Vanya nodded, settling deeper onto the chaise, enjoying the absence of the ache in his bones. “In my chai.”
“Tell us.”
Vanya did, leaving nothing out. He was meticulous in his recollection, and Soren loomed large over the past few days of memories.
Zakariya studied him across the food and cold wine between them, expression impossible to read. “Wardens are outside our laws. This debt you owe can be forgotten.”
“Iwill remember, and I will not owe him,” Vanya said sharply. “He deserves more than my thanks. I would be dead without Soren’s help.”
And he knew that Soren should not have technically interfered at all, but the warden hadn’t known at the time it was Vanya in that train carriage. The revenants had been enough to draw his attention and keep him there, giving aid and unknowingly indebting Vanya to him.
“Your life is priceless to me. If it was a House who had aided you, it would cripple ours.”
“Then we are lucky it was only a House that tried to murder me.”
Zakariya sighed before reaching for a glass of the cold red wine. “The marriage contract was void upon your death. We will need to inform the barristers they must revive it.”

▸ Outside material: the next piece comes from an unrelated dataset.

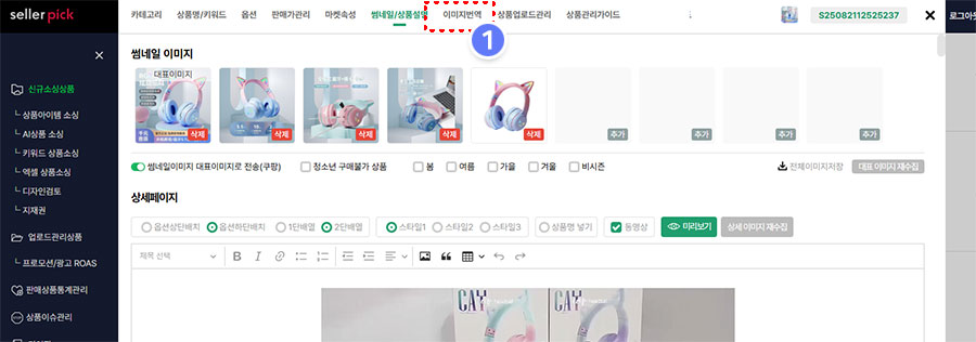 상세설명, 썸네일, 옵션 이미지별로 구분할 수 있습니다.

“We cannot be certain the House of Kimathi had no hand in this travesty,” Taye warned.
“The train and all evidence was burned with starfire. A pity, that, but I would have made the same decision if quiet killer was on my tongue.” His mother’s gaze cut his way. “But an heir must be secured, and this will allow us some measure of control over that gods-forsaken House.”
Vanya inclined his head at his parents. “I will abide by your will.”